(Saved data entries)
================

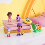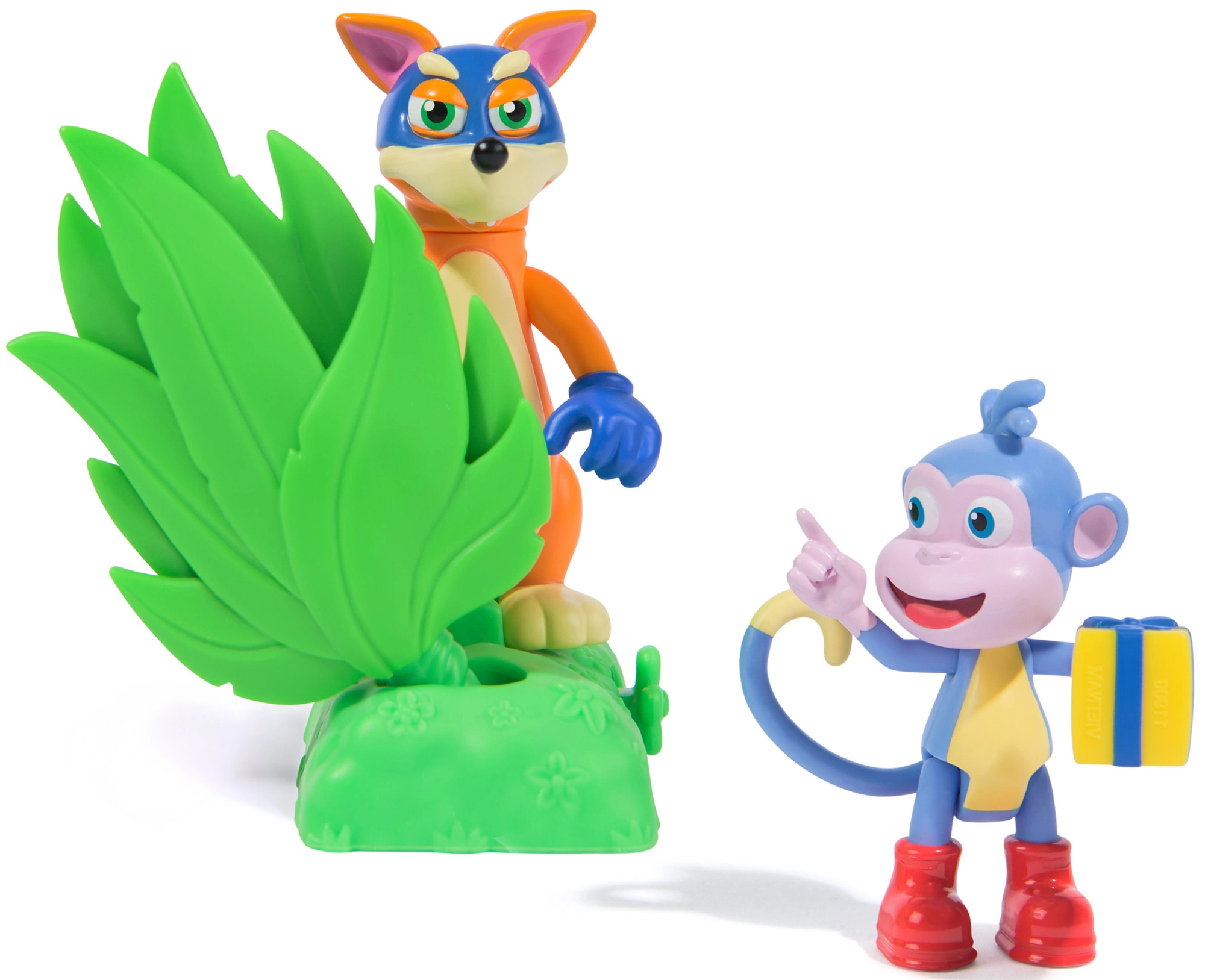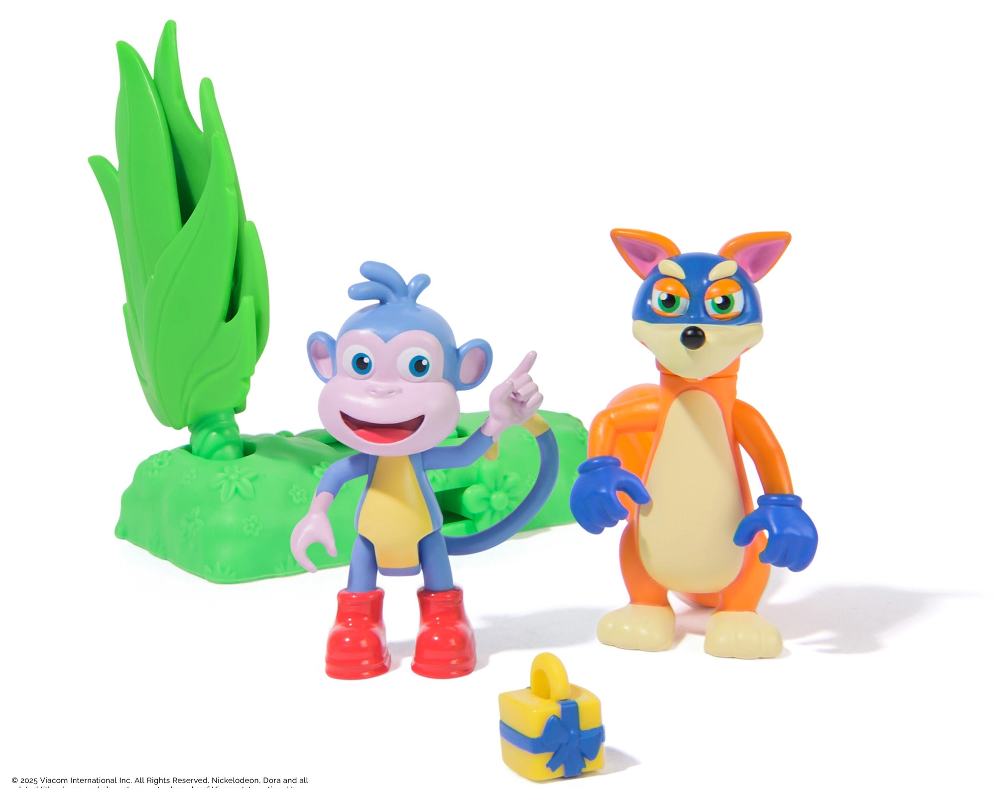 A DÓRA sorozat által ihletett vidám készlet két mozgatható figurát – Butek majmot és a ravasz rókát, Ravasz Rafit – valamint tematikus kiegészítőket kínál a kreatív játékhoz. A gyerekek imádni fogják a mozgatható végtagokat, a levelek mögötti bújócskát és a színes ajándékot, amelyekkel kedvenc jeleneteiket élhetik újra, és saját történeteket alkothatnak.
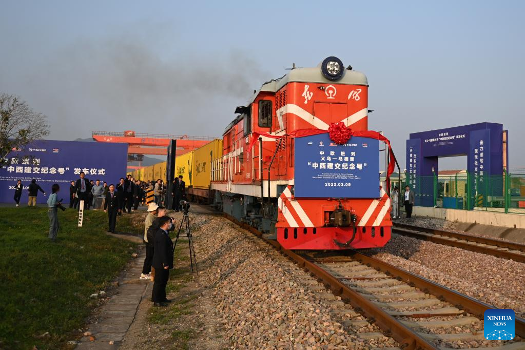 Un tren de mercancías sale de la estación de Yiwu Oeste en la provincia oriental china de Zhejiang, 9 de marzo de 2023. Una unidad China-Europa con 100 contenedores estándar bienes pequeños y productos de cerámica fabricados en China partió el jueves de Yiwu, un importante centro de pequeñas mercancías en la provincia oriental de Zhejiang, con destino a Madrid, España.
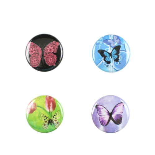 -. Feature : Set of 4 butterflies magnetic wine and drink charms; a unique way to "mark your drink"; works with any glass / Features extra strong coated rare earth magnet, tin plated steel, recycled paper, mylar coating; packaging can be used for charm storage / Magnets are safe, won't come apart unless the outside charm is removed; won't affect the taste of the beverage / To use: drop magnet in glass, hold charm to outside of glass or base until two magnets attract, slide to desired position, pour beverage / Wipe clean with damp cloth; do not soak in water; made and assembled in USA
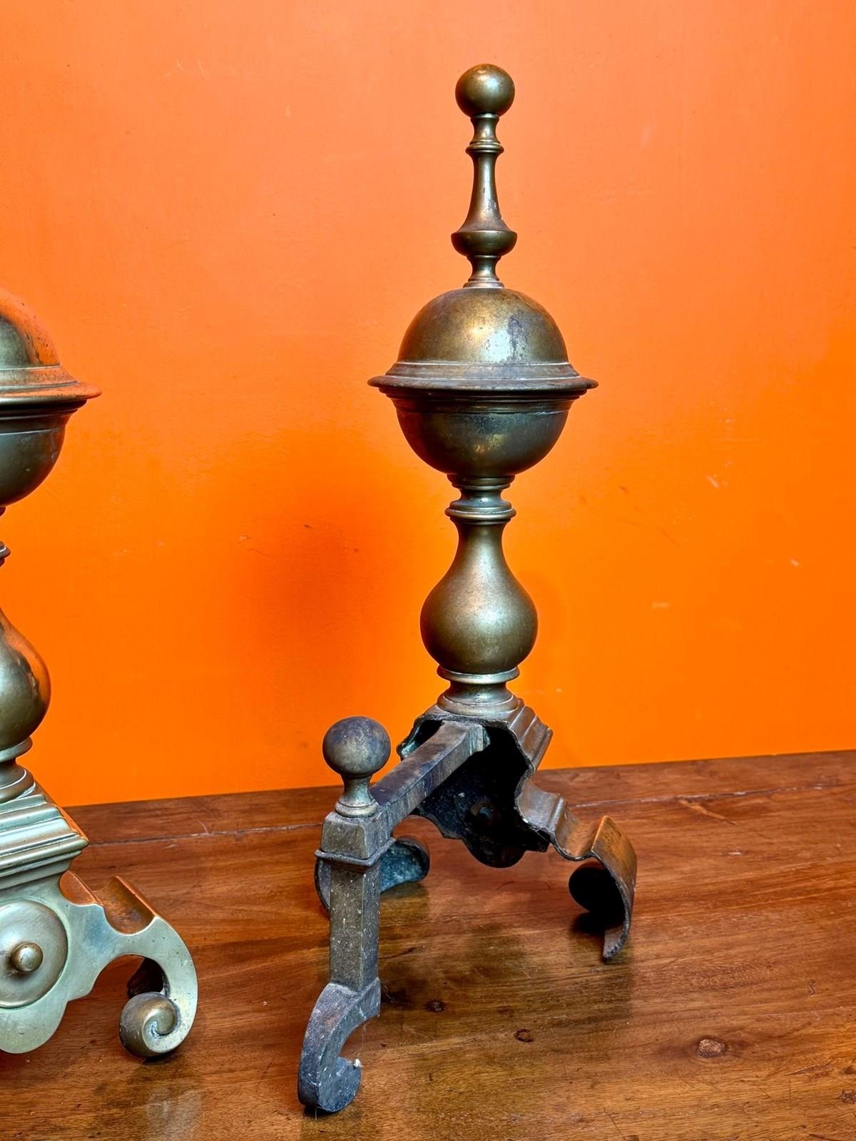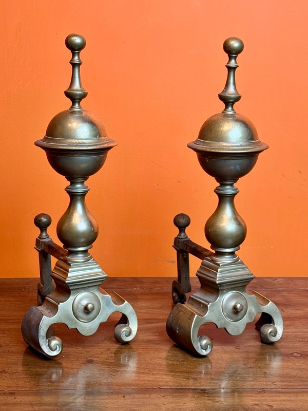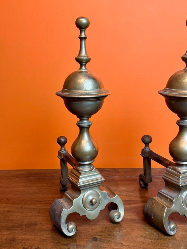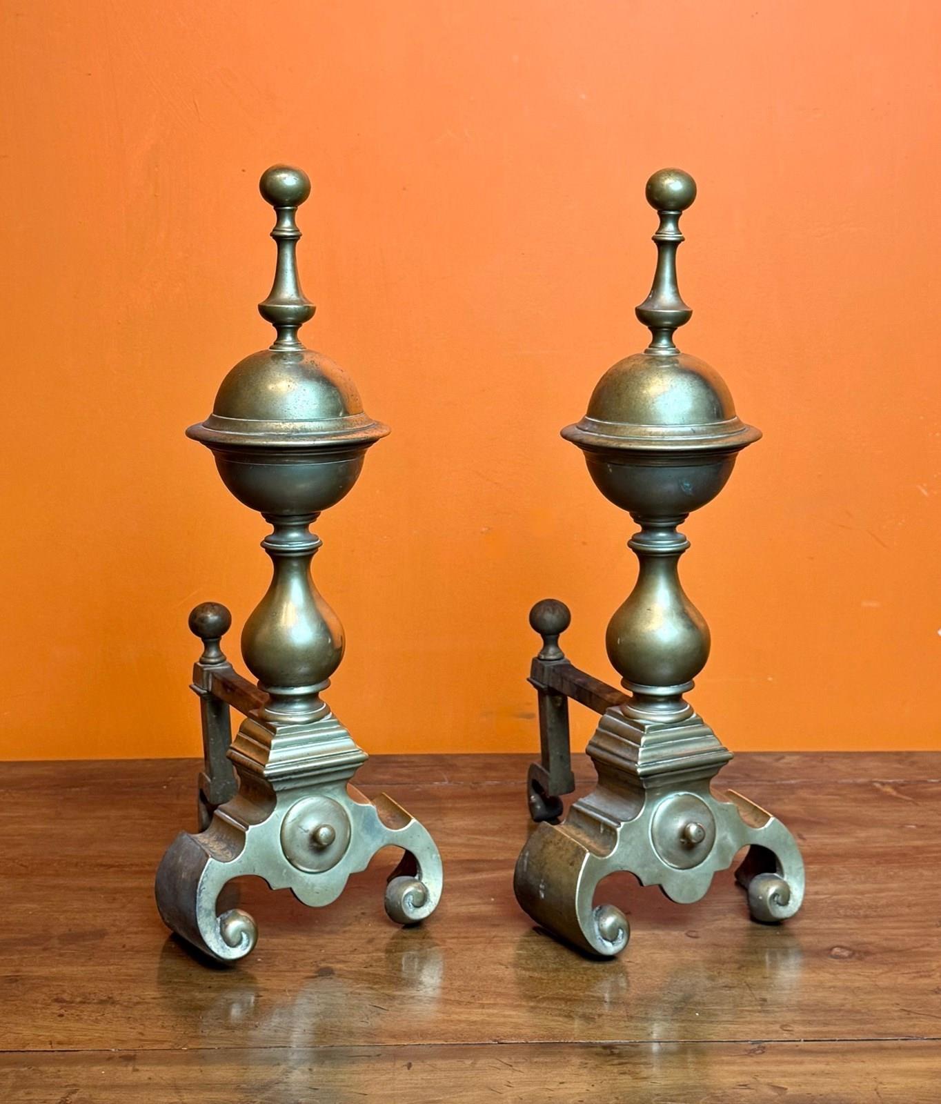 Pair Of 19Th Century Brass Andirons In 17Th Century Style
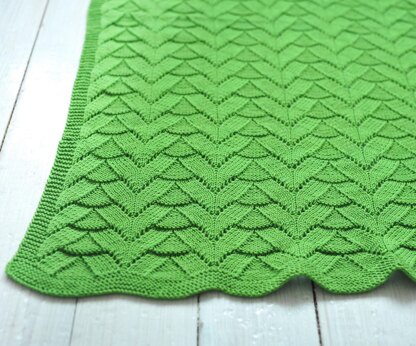 Beautiful lace blanket pattern for an intermediate level knitter. Baby blanket knitting pattern established for a baby but you can make it bigger by adding more repeats. This blanket is knitted in one piece and it is reversible. The wrong side of the blanket looks different from the front. But at the same time it looks no less beautiful. You can see it in the photo.
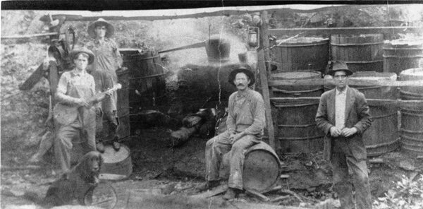 Hosea Thomas' still workers in Endicott, (Franklin County) Virginia, 1915. The Martin, Rake, and Thomas families trace their origins to Ireland where local residents learned to make liquor (known in Ireland as "potchin") to supplement farm income. Photo courtesy of the Blue Ridge Institute of Ferrum College. |
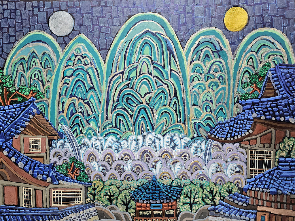 특유의 질감 표현과 구성의 변화를 통해 과거와 현재가 공존하는 미감을 선사하고, 화면 하단에 전통 한옥과 정자를 배치함으로써 왕실의 위엄을 민간의 삶이나 구체적인 풍경의 영역으로 끌어들였다.
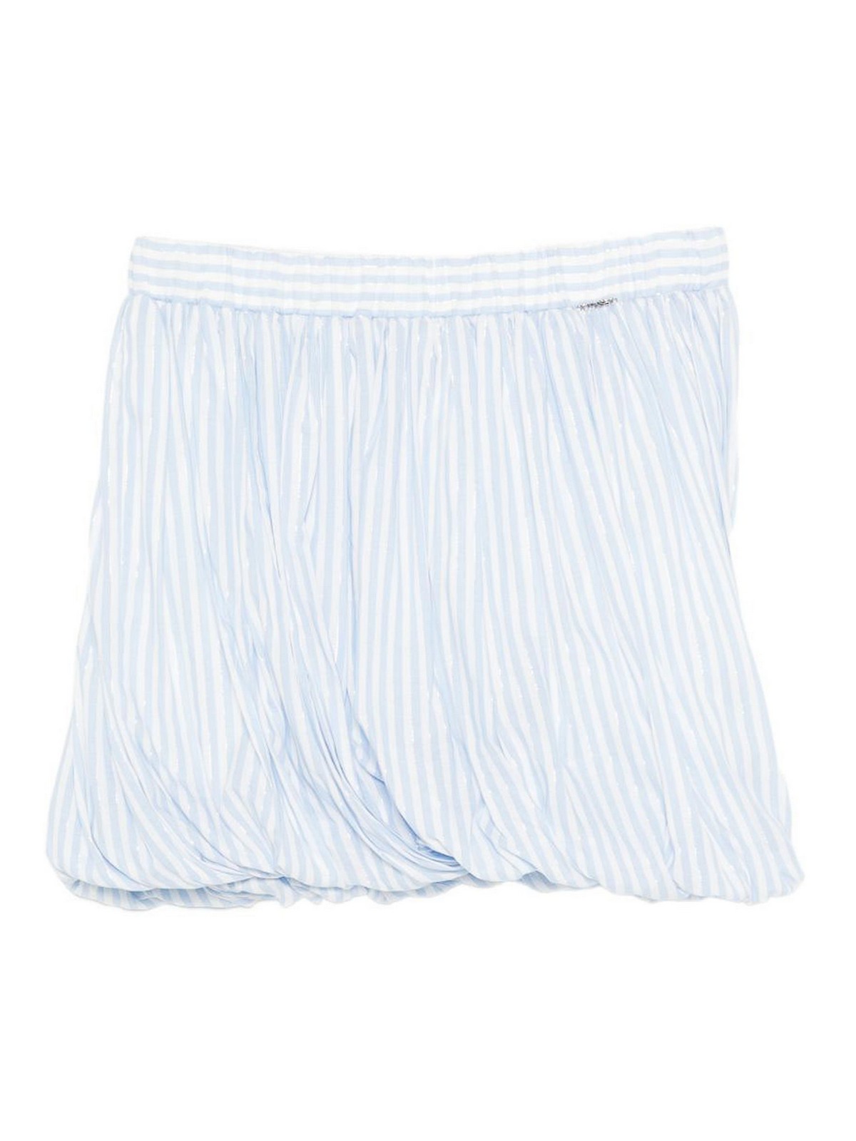 ツインセットのライトブルーとホワイトのストライプのミニスカート
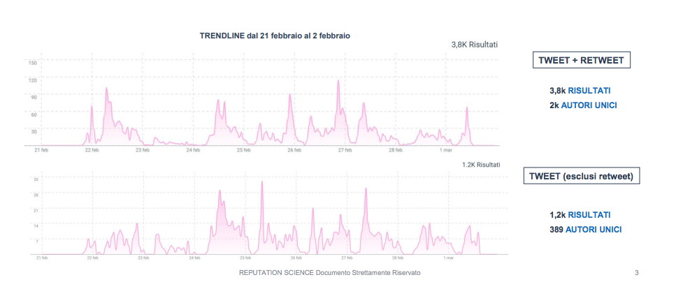 Come analizzato da Reputation Science il primo trend dell’hashtag #IoStoConPutin che tiene in considerazione i tweet e le ricondivisioni arriva a un totale di circa 3.800 contenuti e 2.000 utenti unici, il secondo che calcola solamente i post esclusi i retweet arriva a un totale di oltre 1.200 risultati e 389 autori unici. Mentre la minore esposizione dell’hashtag nella giornata, come è possibile osservare dal grafico sottostante, è del 23 febbraio, invece l'esposizione massima si ha domenica 27 febbraio.
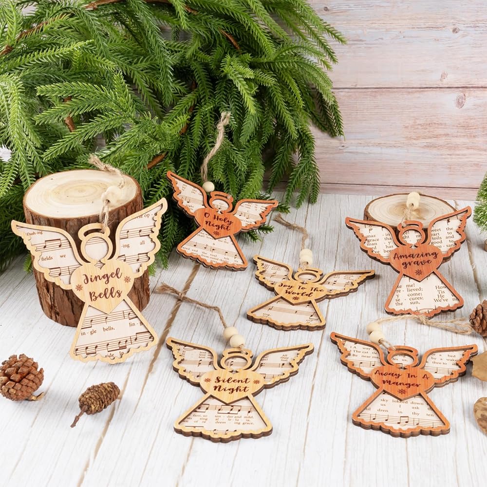 Elegant Color Scheme: The natitivy wooden hanging pendants feature a sophisticated palette of white, yellow, and silver that complements any Christmas decor style, from rustic farmhouse to modern minimalism. This tasteful combination of colors adds a soft, reflective quality that blends beautifully with holiday lights and other seasonal decorations.
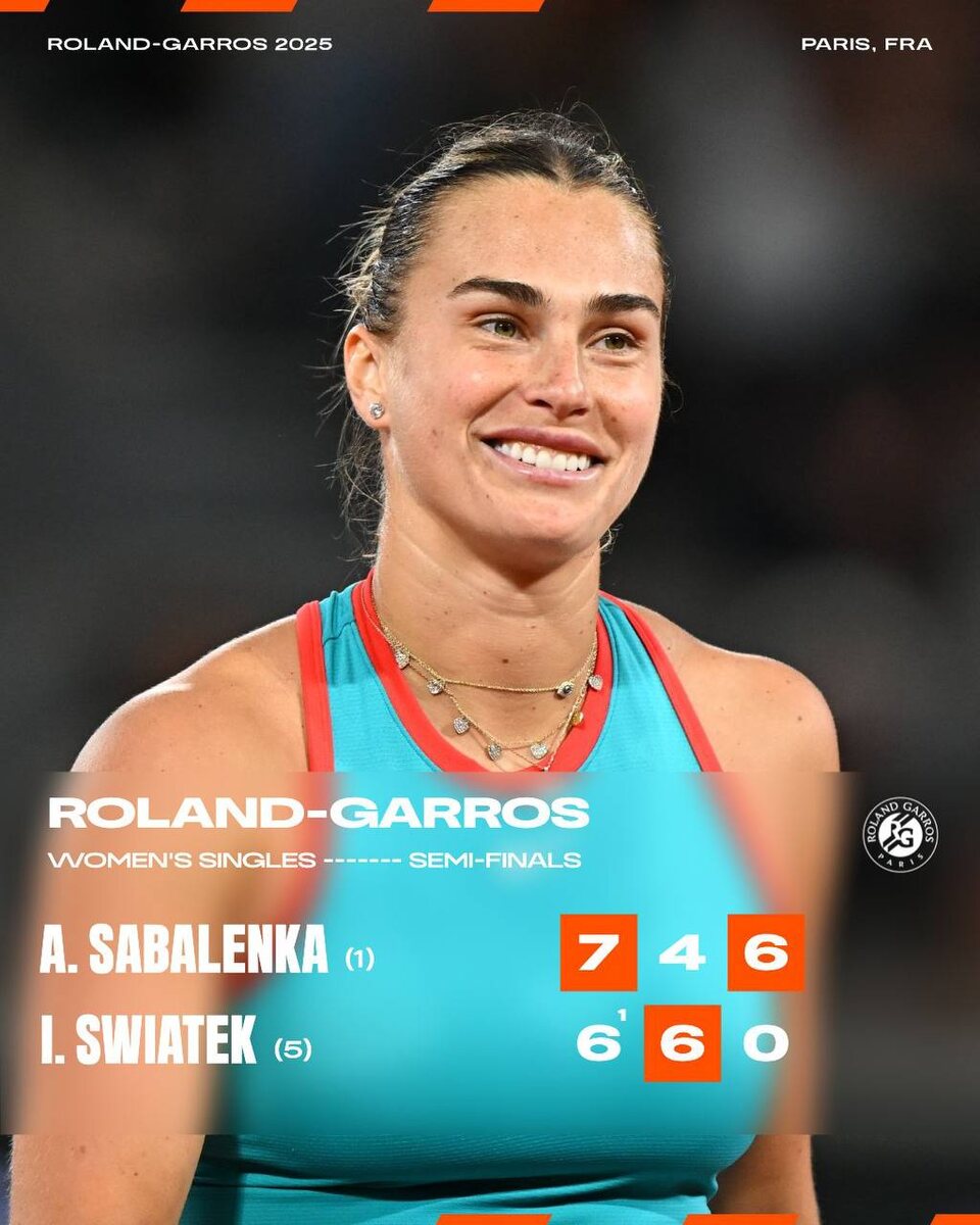 В полуфинале Открытого чемпионата Франции белоруска обыграла Игу Свёнтек — 7:6, 4:6, 6:0. Отметим, что полька проиграла свой первый матч на грунтовом турнире Большого шлема с июня 2021 года.
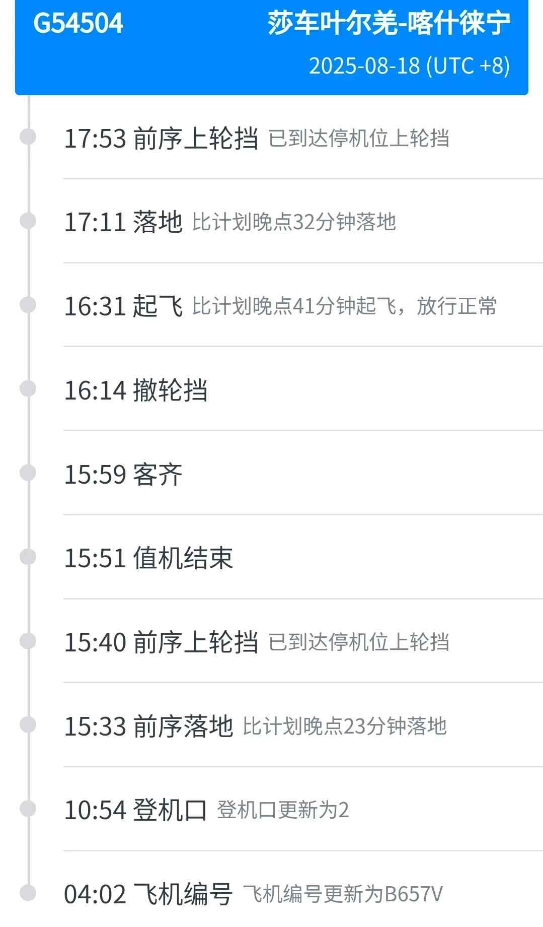 该航班原计划于18日15时50分从新疆莎车叶尔羌机场起飞,于当日16时40分到达喀什徕宁机场,但后来该航班返航后取消。该航班的执飞飞机系中国商飞C909客机,飞机编号为B657V。

================

Write the records out again verbatim and omit the pictures they contain.

 A DÓRA sorozat által ihletett vidám készlet két mozgatható figurát – Butek majmot és a ravasz rókát, Ravasz Rafit – valamint tematikus kiegészítőket kínál a kreatív játékhoz. A gyerekek imádni fogják a mozgatható végtagokat, a levelek mögötti bújócskát és a színes ajándékot, amelyekkel kedvenc jeleneteiket élhetik újra, és saját történeteket alkothatnak.
 Un tren de mercancías sale de la estación de Yiwu Oeste en la provincia oriental china de Zhejiang, 9 de marzo de 2023. Una unidad China-Europa con 100 contenedores estándar bienes pequeños y productos de cerámica fabricados en China partió el jueves de Yiwu, un importante centro de pequeñas mercancías en la provincia oriental de Zhejiang, con destino a Madrid, España.
 -. Feature : Set of 4 butterflies magnetic wine and drink charms; a unique way to "mark your drink"; works with any glass / Features extra strong coated rare earth magnet, tin plated steel, recycled paper, mylar coating; packaging can be used for charm storage / Magnets are safe, won't come apart unless the outside charm is removed; won't affect the taste of the beverage / To use: drop magnet in glass, hold charm to outside of glass or base until two magnets attract, slide to desired position, pour beverage / Wipe clean with damp cloth; do not soak in water; made and assembled in USA
 Pair Of 19Th Century Brass Andirons In 17Th Century Style
 Beautiful lace blanket pattern for an intermediate level knitter. Baby blanket knitting pattern established for a baby but you can make it bigger by adding more repeats. This blanket is knitted in one piece and it is reversible. The wrong side of the blanket looks different from the front. But at the same time it looks no less beautiful. You can see it in the photo.
 Hosea Thomas' still workers in Endicott, (Franklin County) Virginia, 1915. The Martin, Rake, and Thomas families trace their origins to Ireland where local residents learned to make liquor (known in Ireland as "potchin") to supplement farm income. Photo courtesy of the Blue Ridge Institute of Ferrum College. |
 특유의 질감 표현과 구성의 변화를 통해 과거와 현재가 공존하는 미감을 선사하고, 화면 하단에 전통 한옥과 정자를 배치함으로써 왕실의 위엄을 민간의 삶이나 구체적인 풍경의 영역으로 끌어들였다.
 ツインセットのライトブルーとホワイトのストライプのミニスカート
 Come analizzato da Reputation Science il primo trend dell’hashtag #IoStoConPutin che tiene in considerazione i tweet e le ricondivisioni arriva a un totale di circa 3.800 contenuti e 2.000 utenti unici, il secondo che calcola solamente i post esclusi i retweet arriva a un totale di oltre 1.200 risultati e 389 autori unici. Mentre la minore esposizione dell’hashtag nella giornata, come è possibile osservare dal grafico sottostante, è del 23 febbraio, invece l'esposizione massima si ha domenica 27 febbraio.
 Elegant Color Scheme: The natitivy wooden hanging pendants feature a sophisticated palette of white, yellow, and silver that complements any Christmas decor style, from rustic farmhouse to modern minimalism. This tasteful combination of colors adds a soft, reflective quality that blends beautifully with holiday lights and other seasonal decorations.
 В полуфинале Открытого чемпионата Франции белоруска обыграла Игу Свёнтек — 7:6, 4:6, 6:0. Отметим, что полька проиграла свой первый матч на грунтовом турнире Большого шлема с июня 2021 года.
 该航班原计划于18日15时50分从新疆莎车叶尔羌机场起飞,于当日16时40分到达喀什徕宁机场,但后来该航班返航后取消。该航班的执飞飞机系中国商飞C909客机,飞机编号为B657V。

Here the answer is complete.